▶ [Exercise details]: Where the line containing "- リファレンス・クラスのサウンドとヘッドルームを実現するExtreme Powerヘッドフォン:バランス出力対応" appears in the records below, begin there and repeat each line exactly through the final one, dropping all pictures.

▶ [Collected data entries]:
++++++

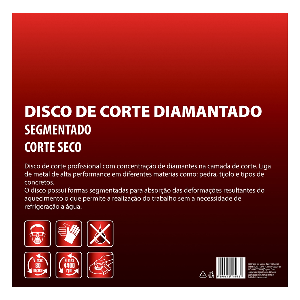 Disco de Corte Diamantado 350mm: Corte Seco Preciso e Durável Realize cortes precisos e eficientes em concreto, asfalto e outros materiais com o Disco de Corte Segmentado Diamantado MTX 350 x 25,4mm. Projetado para corte seco, este disco elimina a necessidade de refrigeração constante, otimizando seu tempo e produtividade em obras e demolições. Sua segmentação diamantada garante alta performance e durabilidade, mesmo em trabalhos pesados e contínuos. O anel redutor incluso aumenta a versatilidade, permitindo o uso em diferentes tipos de máquinas com variações no diâmetro do eixo. Ideal para serras de bancada e cortadores manuais, este disco oferece cortes rápidos, limpos e com menor risco de superaquecimento, prolongando sua vida útil e garantindo um desempenho consistente. Invista em uma ferramenta confiável e de alta qualidade para seus projetos de construção e reforma. Especificações Diâmetro: 350 mm Diâmetro do Furo: 25,4 mm Tipo de Corte: Seco Segmentação: Diamantada País de Fabricação: China Itens Inclusos 1 Disco de Corte Segmentado Diamantado MTX 350 x 25,4mm 1 Anel Redutor Perguntas Frequentes (FAQ) Pergunta: Este disco pode ser usado em qualquer tipo de serra?Resposta: O disco é compatível com serras de bancada e cortadores manuais que possuam um diâmetro de furo de 25,4 mm. O anel redutor permite adaptação a outros diâmetros. Pergunta: É necessário usar água durante o corte?Resposta: Não, este disco é projetado para corte seco, dispensando o uso de água para refrigeração. Pergunta: Qual a durabilidade média do disco?Resposta: A durabilidade depende da intensidade e frequência de uso, bem como do tipo de material cortado. A segmentação diamantada garante uma vida útil prolongada em comparação com discos convencionais.
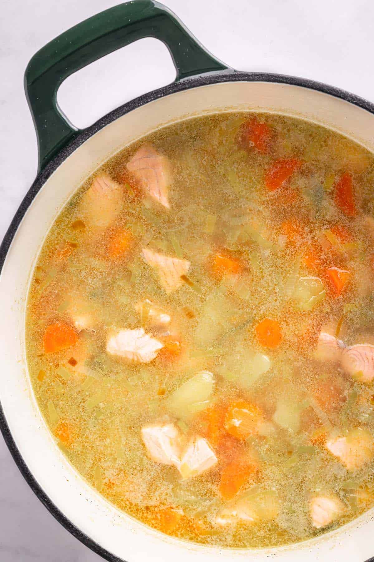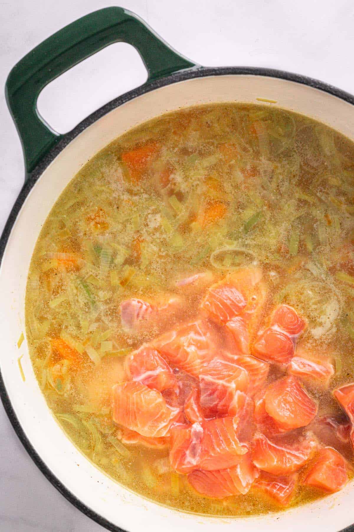 Frozen salmon works too - just thaw it completely in the fridge overnight and pat it dry before using. This helps prevent excess water from thinning the soup.
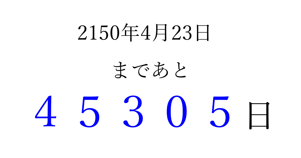 2150年4月23日(木)まで あと 99999 日です 追加すると、トップページからすぐ選べるようになります ※2026/04/08現在の結果です。 最新の状態に更新する ↓シェアして、タイムライン上にカウントダウンを表示しよう!↓ 📤 この結果を共有する Tweet シェア Threads Bluesky 別の日付でカウントダウン 2150年4月のカレンダー このページをブックマークに追加すると、いつでもカウントダウンを確認できます。 (PC: Ctrl+D / Mac: ⌘+D) hitome-notes.comでは以下のページも運営しています。 指定日と期間から日付を計算 | ガチャ確率計算・シミュレーション | プライバシー・ポリシー 運営者:Avocado
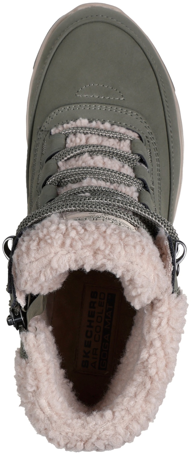 Черевики Skechers On-The-Go Stellar — стильні оливкові черевики, які поєднують урбаністичний вигляд із функціональністю для міжсезоння та м’яких зим. Їхній дизайн натхненний природою: зелено-оливковий тон підкреслює спортивно-природний характер. Вони підійдуть як до деніму, так і до темних штанів чи светрів, створюючи збалансований образ із акцентом на комфорт і практичність.
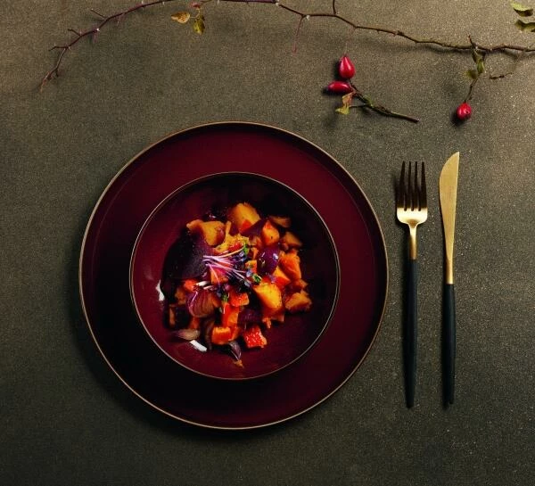 Der ASA Coupe Teller der Serie Kolibri ist aus einem dunklen, herbstlichen Rot, genannt rusty red. Der Porzellan-Gourmetteller besticht durch ein zeitloses Design. Er eignet sich ideal für das Servieren von Hauptspeisen und Suppen. Der Essteller wird selbst zum dekorativen Element und vollendet somit jede gedeckte Tafel.
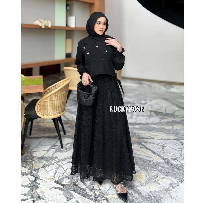 Rok Wanita/Baju Kemeja Wanita Sashi Rok Brukat Renda Lace Panjang Wanita Import Premium Rok Brokat
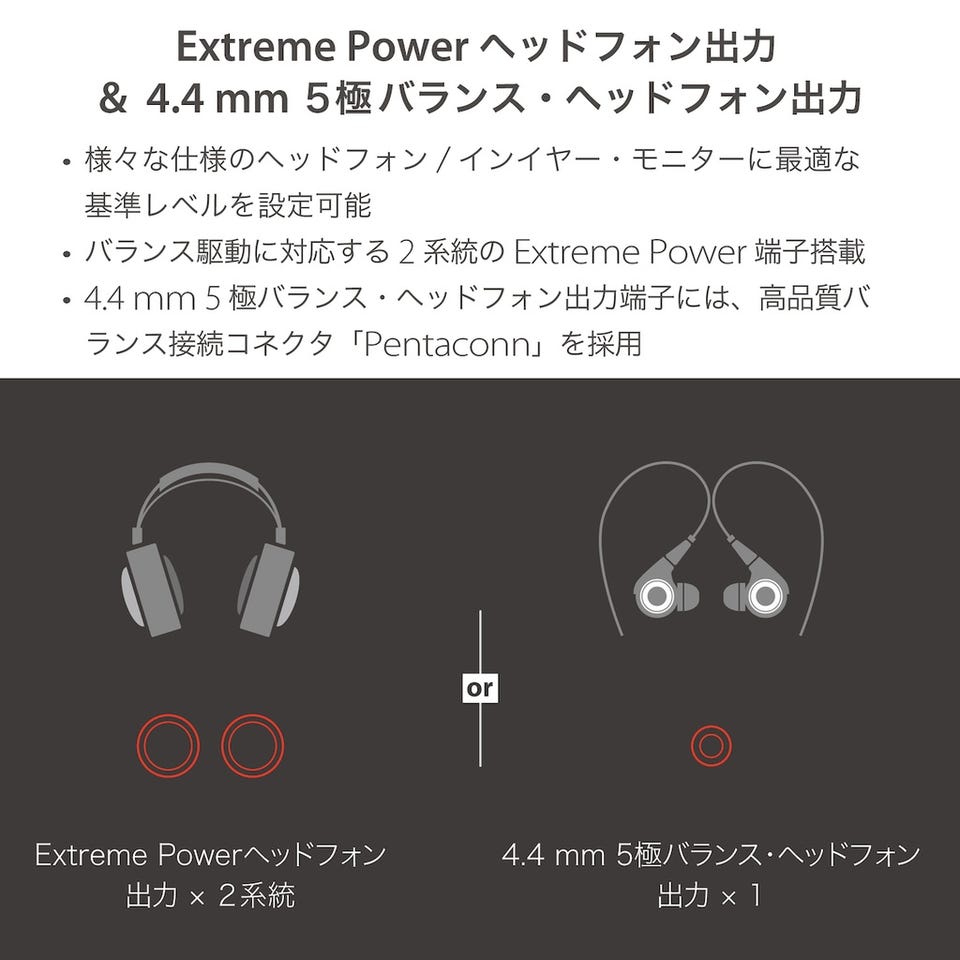 - リファレンス・クラスのサウンドとヘッドルームを実現するExtreme Powerヘッドフォン:バランス出力対応
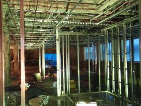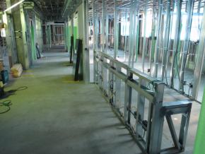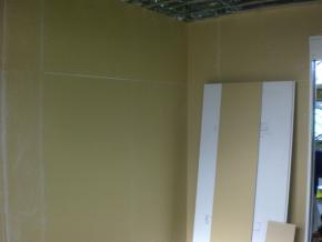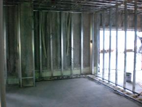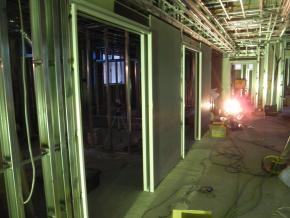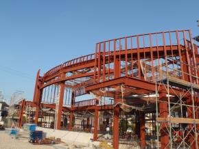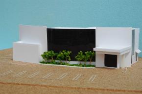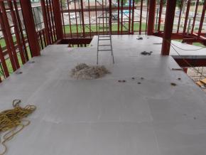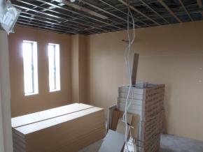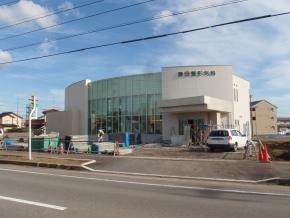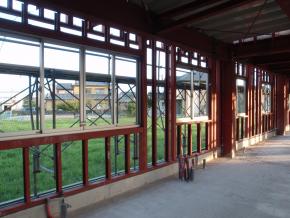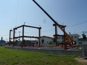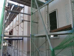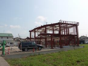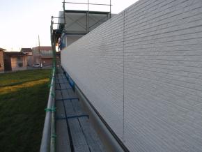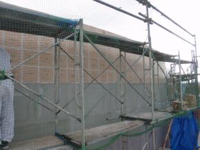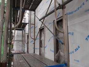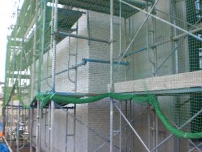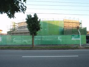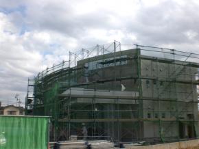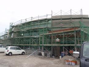 建物正面です。R部分の外壁のデラクリートボード貼り中です。
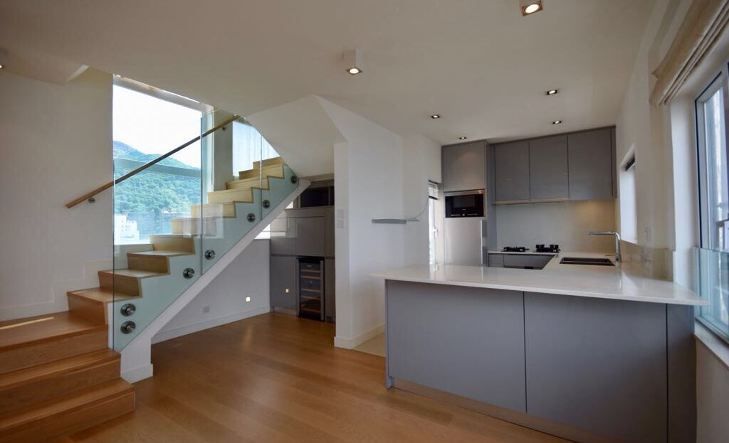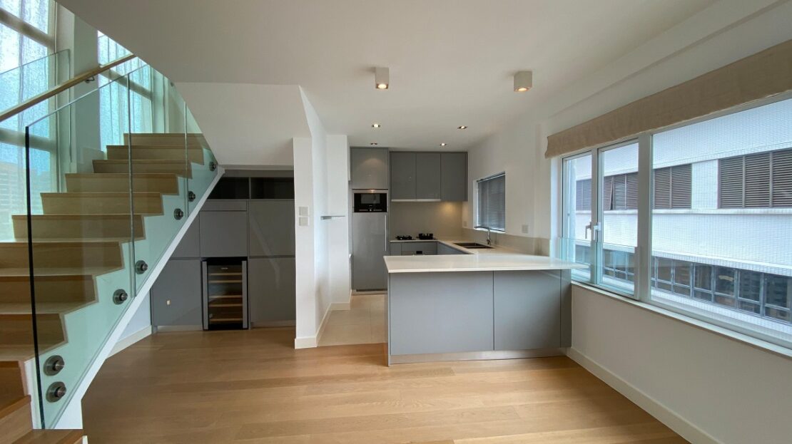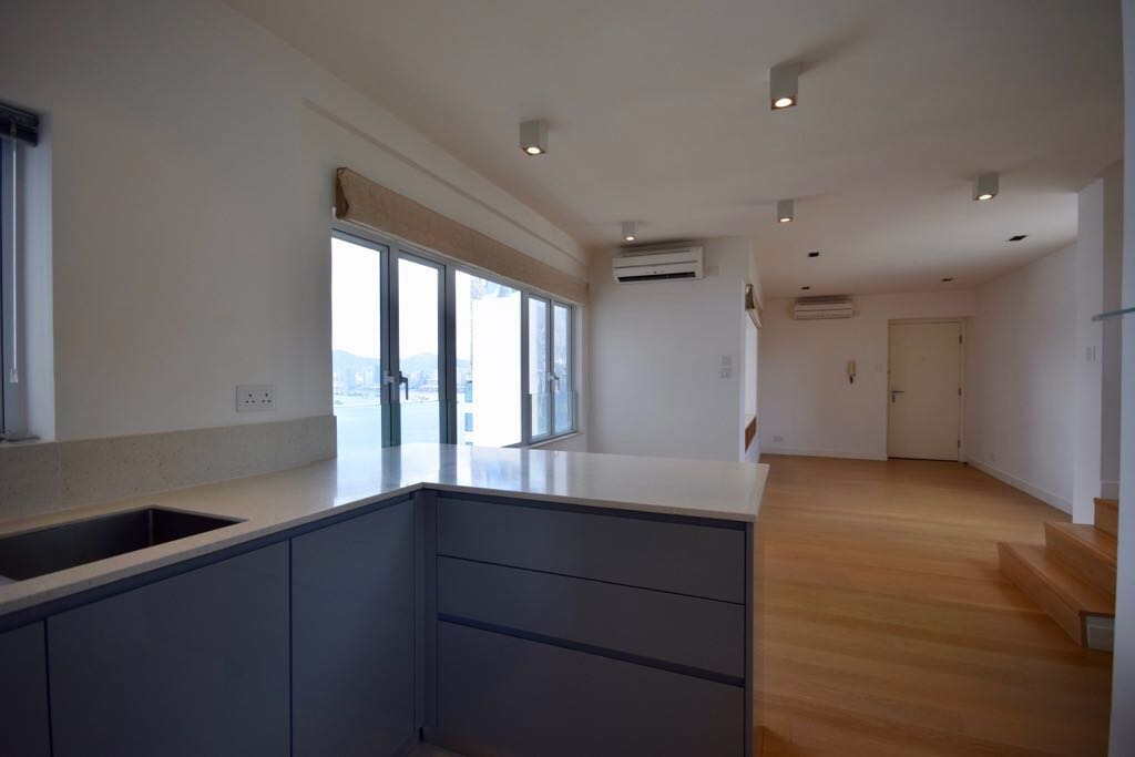 Lun Fung Court 龍豐閣, a 2-bedroom duplex located in Sai Ying Pun close to HKU MTR. There is an open sea view from the living space and an internal staircase connected to the upper duplex. An open-plan kitchen with all appliances and a built-in closet is available in the bedrooms for storage. Bright & cosy and for sale.

++++++

▶ [Answer to this task]:
 - リファレンス・クラスのサウンドとヘッドルームを実現するExtreme Powerヘッドフォン:バランス出力対応
 建物正面です。R部分の外壁のデラクリートボード貼り中です。
 Lun Fung Court 龍豐閣, a 2-bedroom duplex located in Sai Ying Pun close to HKU MTR. There is an open sea view from the living space and an internal staircase connected to the upper duplex. An open-plan kitchen with all appliances and a built-in closet is available in the bedrooms for storage. Bright & cosy and for sale.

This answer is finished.